**Records from a collection**
┄┄┄┄┄┄┄┄┄┄┄┄┄┄┄┄┄┄┄┄

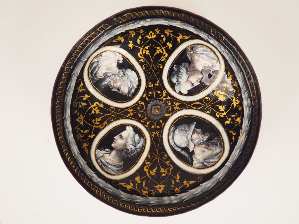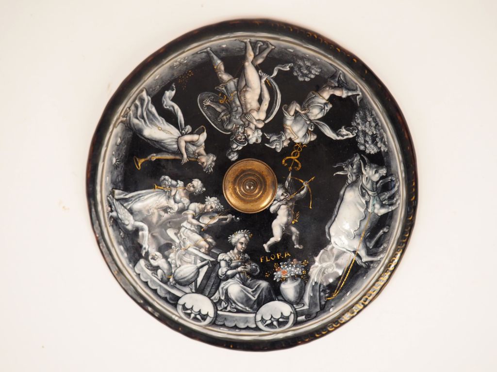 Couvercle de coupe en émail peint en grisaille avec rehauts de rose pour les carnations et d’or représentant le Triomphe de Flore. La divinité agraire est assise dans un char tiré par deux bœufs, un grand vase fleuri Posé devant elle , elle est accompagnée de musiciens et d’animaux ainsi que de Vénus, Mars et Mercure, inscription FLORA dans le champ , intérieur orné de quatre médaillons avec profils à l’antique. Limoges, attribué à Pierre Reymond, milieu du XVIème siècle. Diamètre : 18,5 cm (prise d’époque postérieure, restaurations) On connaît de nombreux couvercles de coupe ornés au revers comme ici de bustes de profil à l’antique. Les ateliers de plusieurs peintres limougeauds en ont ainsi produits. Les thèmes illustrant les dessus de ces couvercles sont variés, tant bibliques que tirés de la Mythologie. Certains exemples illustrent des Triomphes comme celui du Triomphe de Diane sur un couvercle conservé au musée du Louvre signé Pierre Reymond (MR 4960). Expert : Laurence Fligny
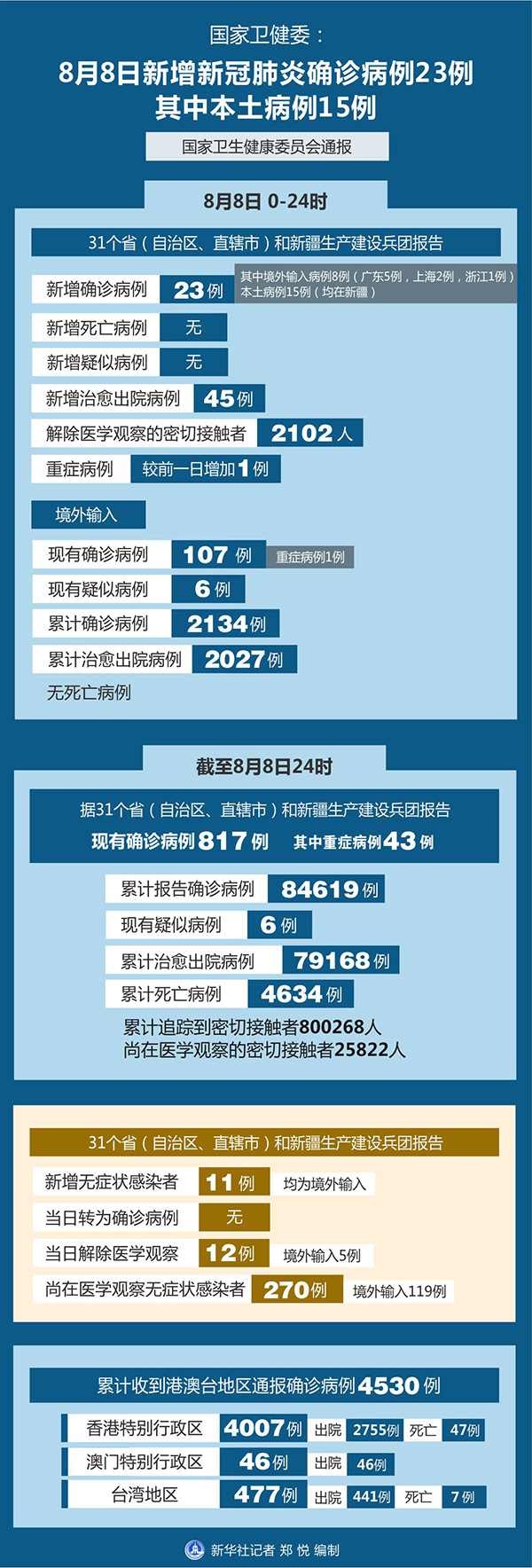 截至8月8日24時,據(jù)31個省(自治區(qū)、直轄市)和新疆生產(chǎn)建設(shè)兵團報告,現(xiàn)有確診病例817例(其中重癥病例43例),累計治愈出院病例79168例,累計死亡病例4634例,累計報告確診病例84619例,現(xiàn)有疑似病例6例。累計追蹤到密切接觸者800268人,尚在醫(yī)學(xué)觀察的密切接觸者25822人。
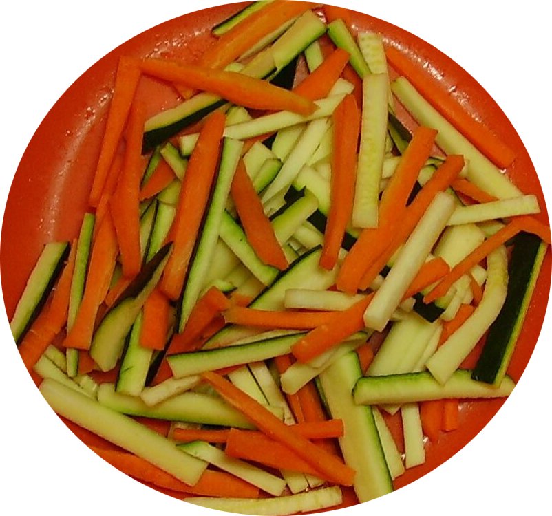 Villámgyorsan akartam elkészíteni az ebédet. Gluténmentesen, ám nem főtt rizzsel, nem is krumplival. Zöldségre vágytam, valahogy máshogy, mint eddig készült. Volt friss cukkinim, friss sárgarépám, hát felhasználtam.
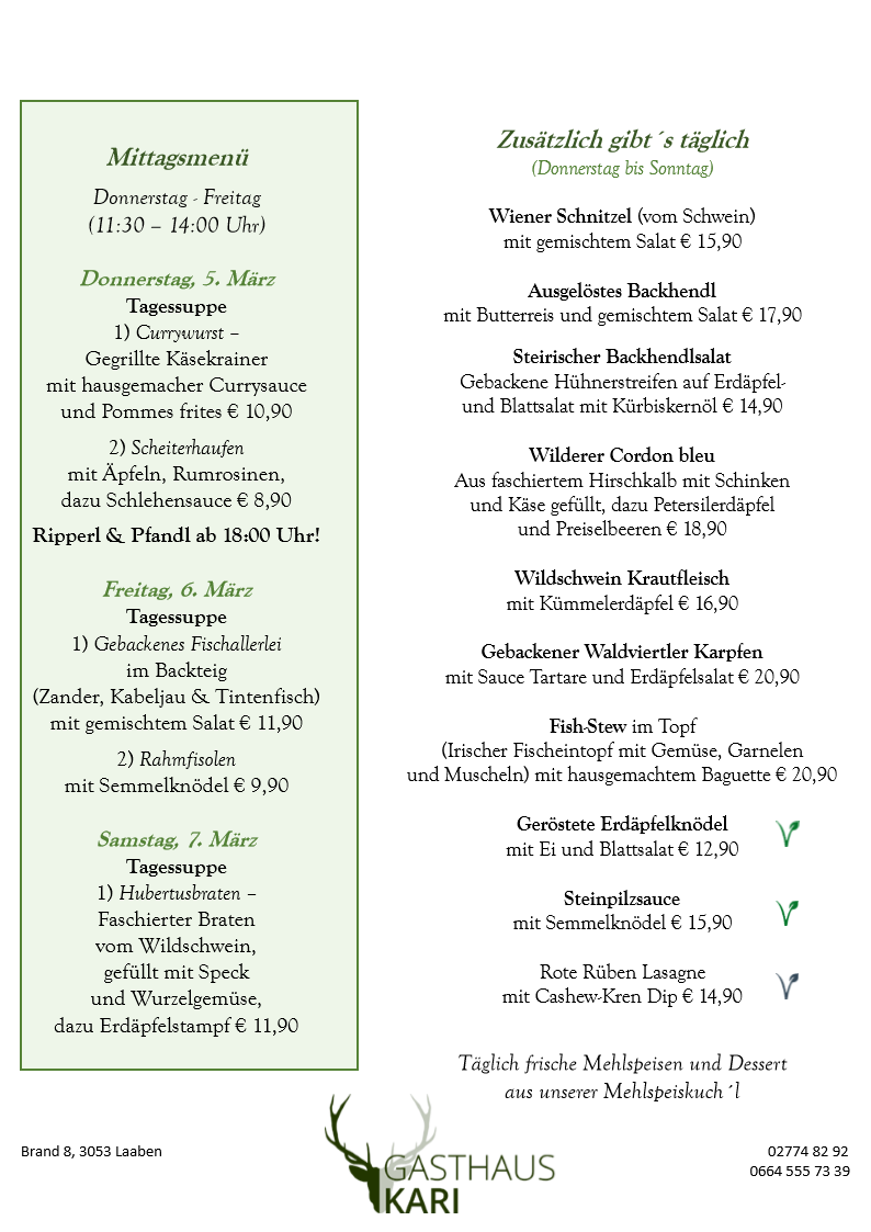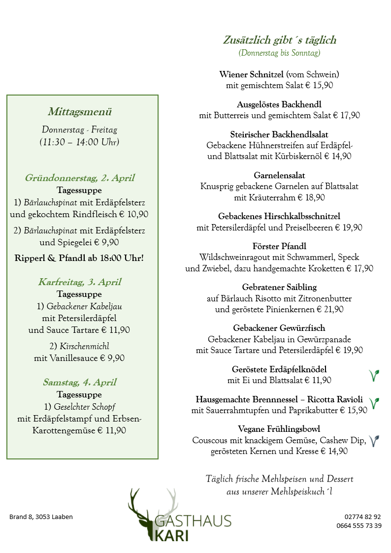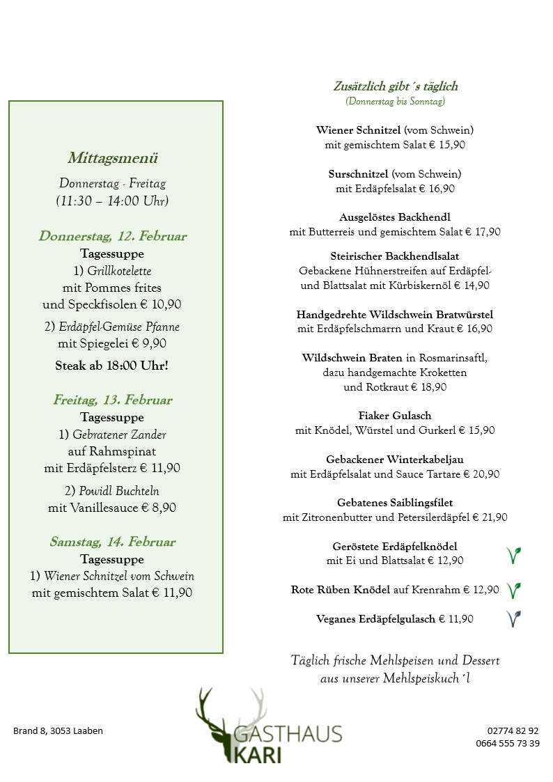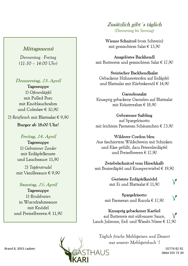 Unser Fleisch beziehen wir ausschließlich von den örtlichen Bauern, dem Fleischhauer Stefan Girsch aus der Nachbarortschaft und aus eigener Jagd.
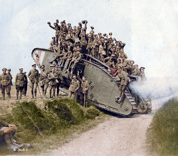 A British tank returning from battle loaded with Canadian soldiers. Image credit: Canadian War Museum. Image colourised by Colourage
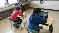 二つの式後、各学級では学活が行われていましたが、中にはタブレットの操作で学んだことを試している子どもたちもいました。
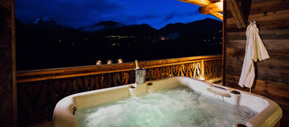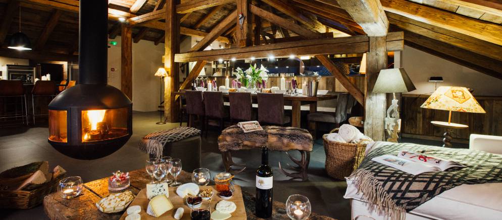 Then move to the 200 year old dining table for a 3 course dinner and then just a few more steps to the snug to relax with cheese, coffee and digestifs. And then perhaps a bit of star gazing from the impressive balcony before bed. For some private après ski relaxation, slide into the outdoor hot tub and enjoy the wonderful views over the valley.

┄┄┄┄┄┄┄┄┄┄┄┄┄┄┄┄┄┄┄┄

**TASK TO CARRY OUT**
Each line above is to be transcribed exactly, though its pictures are not.

**EXERCISE ANSWER**
 Couvercle de coupe en émail peint en grisaille avec rehauts de rose pour les carnations et d’or représentant le Triomphe de Flore. La divinité agraire est assise dans un char tiré par deux bœufs, un grand vase fleuri Posé devant elle , elle est accompagnée de musiciens et d’animaux ainsi que de Vénus, Mars et Mercure, inscription FLORA dans le champ , intérieur orné de quatre médaillons avec profils à l’antique. Limoges, attribué à Pierre Reymond, milieu du XVIème siècle. Diamètre : 18,5 cm (prise d’époque postérieure, restaurations) On connaît de nombreux couvercles de coupe ornés au revers comme ici de bustes de profil à l’antique. Les ateliers de plusieurs peintres limougeauds en ont ainsi produits. Les thèmes illustrant les dessus de ces couvercles sont variés, tant bibliques que tirés de la Mythologie. Certains exemples illustrent des Triomphes comme celui du Triomphe de Diane sur un couvercle conservé au musée du Louvre signé Pierre Reymond (MR 4960). Expert : Laurence Fligny
 截至8月8日24時,據(jù)31個省(自治區(qū)、直轄市)和新疆生產(chǎn)建設(shè)兵團報告,現(xiàn)有確診病例817例(其中重癥病例43例),累計治愈出院病例79168例,累計死亡病例4634例,累計報告確診病例84619例,現(xiàn)有疑似病例6例。累計追蹤到密切接觸者800268人,尚在醫(yī)學(xué)觀察的密切接觸者25822人。
 Villámgyorsan akartam elkészíteni az ebédet. Gluténmentesen, ám nem főtt rizzsel, nem is krumplival. Zöldségre vágytam, valahogy máshogy, mint eddig készült. Volt friss cukkinim, friss sárgarépám, hát felhasználtam.
 Unser Fleisch beziehen wir ausschließlich von den örtlichen Bauern, dem Fleischhauer Stefan Girsch aus der Nachbarortschaft und aus eigener Jagd.
 A British tank returning from battle loaded with Canadian soldiers. Image credit: Canadian War Museum. Image colourised by Colourage
 二つの式後、各学級では学活が行われていましたが、中にはタブレットの操作で学んだことを試している子どもたちもいました。
 Then move to the 200 year old dining table for a 3 course dinner and then just a few more steps to the snug to relax with cheese, coffee and digestifs. And then perhaps a bit of star gazing from the impressive balcony before bed. For some private après ski relaxation, slide into the outdoor hot tub and enjoy the wonderful views over the valley.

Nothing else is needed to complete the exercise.